▶ **Work order**: Scan the records below for the line with "CFR Călători lansează" and the line with "അമേരിക്കയുടെ ഒത്താശയോടെ ഇസ്രായേൽ", and retype that range exactly, both ends included, pictures excepted.

▶ **Excerpted data**:
::::

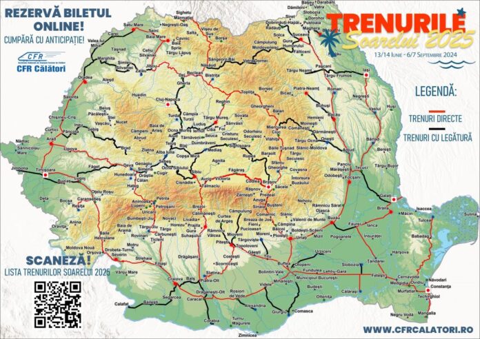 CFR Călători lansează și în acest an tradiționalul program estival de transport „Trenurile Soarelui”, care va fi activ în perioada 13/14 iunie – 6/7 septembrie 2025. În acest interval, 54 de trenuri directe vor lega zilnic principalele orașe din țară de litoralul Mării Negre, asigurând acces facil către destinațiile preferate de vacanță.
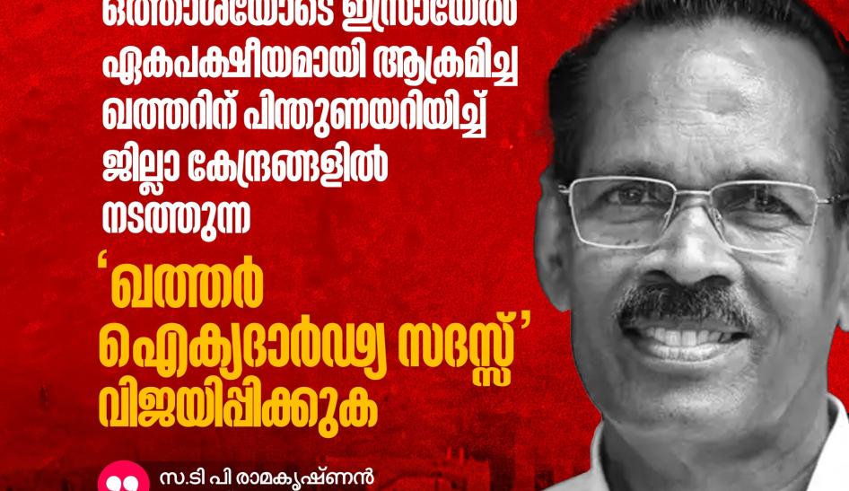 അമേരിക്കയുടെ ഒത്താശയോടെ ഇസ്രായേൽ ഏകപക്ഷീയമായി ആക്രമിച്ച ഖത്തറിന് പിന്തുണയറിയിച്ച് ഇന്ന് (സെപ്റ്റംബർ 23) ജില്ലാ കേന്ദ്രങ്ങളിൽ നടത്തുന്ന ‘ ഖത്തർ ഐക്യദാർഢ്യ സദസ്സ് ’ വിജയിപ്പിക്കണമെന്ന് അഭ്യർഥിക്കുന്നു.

::::

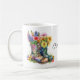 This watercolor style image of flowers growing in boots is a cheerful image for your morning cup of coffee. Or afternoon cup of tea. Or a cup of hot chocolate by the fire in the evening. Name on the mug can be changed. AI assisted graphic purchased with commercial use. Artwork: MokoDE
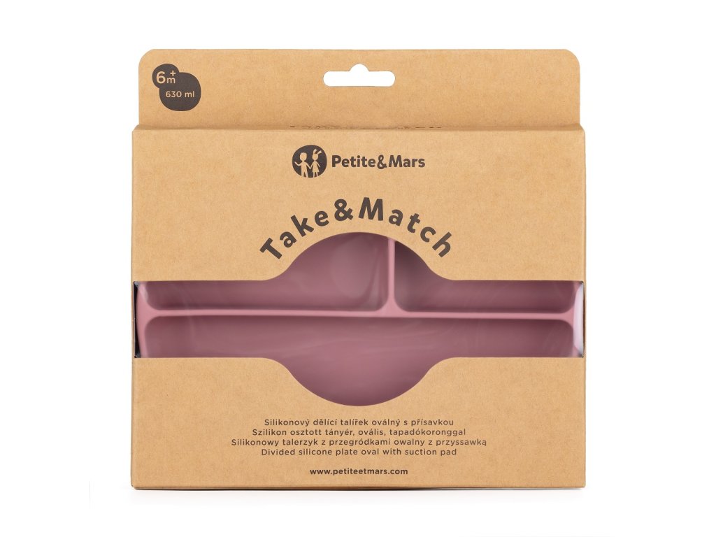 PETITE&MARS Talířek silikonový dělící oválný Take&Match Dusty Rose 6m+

::::

▶ **Written answer**:
 CFR Călători lansează și în acest an tradiționalul program estival de transport „Trenurile Soarelui”, care va fi activ în perioada 13/14 iunie – 6/7 septembrie 2025. În acest interval, 54 de trenuri directe vor lega zilnic principalele orașe din țară de litoralul Mării Negre, asigurând acces facil către destinațiile preferate de vacanță.
 അമേരിക്കയുടെ ഒത്താശയോടെ ഇസ്രായേൽ ഏകപക്ഷീയമായി ആക്രമിച്ച ഖത്തറിന് പിന്തുണയറിയിച്ച് ഇന്ന് (സെപ്റ്റംബർ 23) ജില്ലാ കേന്ദ്രങ്ങളിൽ നടത്തുന്ന ‘ ഖത്തർ ഐക്യദാർഢ്യ സദസ്സ് ’ വിജയിപ്പിക്കണമെന്ന് അഭ്യർഥിക്കുന്നു.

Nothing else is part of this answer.